By contrast, consider the total-transparency approach taken by New Media Strategies: when its employees do something as simple as retweet something from a client, they’re required to use the hash tag “#client.” Ultimately, shying away from full disclosure only gives the PR industry a bad rep.

b. Given a limited budget and limited time, creating and managing a new e-mail address domain is a poor allocation of resources.

c. In this case, Abraham Harrison created an entire microsite at http://MiriamsKitchenNews.org (microsites, by the way, are a mistake). But, again, most campaigns can’t afford this expenditure, so what happens then? Do you leaveMiriamsKitchenNews.org empty? Do you redirect it to your own firm’s site? Do you throw up a simple landing page that repurposes your pitch e-mail?

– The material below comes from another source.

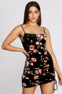 Have a major floral moment in this adorable woven mini dress! It features a sleeveless sweetheart neckline with ruching at the bust, thin ruffle-detail shoulder straps, a smocked back, and a short, curve-hugging silhouette. The all-over ditsy floral print is perf for summer. Style this dress with casual sneakers.

d. What happens if, six months from now, someone you contacted replies? (We’ve all received one of these e-mails.) If you’re not still checking cjabraham@miriamskitchennews.org, does the sender get a bounce-back or an auto-reply? Or nothing? If you are still checking cjabraham@miriamskitchennews.org, given that you’re creating a new address for each campaign, I envy your endurance in monitoring what must be dozens of addresses. And to complicate matters further, what do you do with these addresses when your contract with the given client expires?

6. URLs. Chris deliberately omits the “http://” prefix in links; he says that e-mail clients will auto-activate incomplete URLs. While Gmail is sophisticated enough to do this, many other e-mail clients are not. This inability is especially damaging when a message arrives in plain text, which is the only form Chris sends.

Not many people will gladly share 3,000 words on the subject of e-mail communications. For that, Chris deserves gratitude and respect.

He also offers important insights, especially the one that a good pitch will spark a conversation. In that spirit, he’s agreed to respond to my critique.

So, Chris, over to you (and to The Future Buzz community). How can two pros who’ve been working with bloggers for so long reach such divergent conclusion?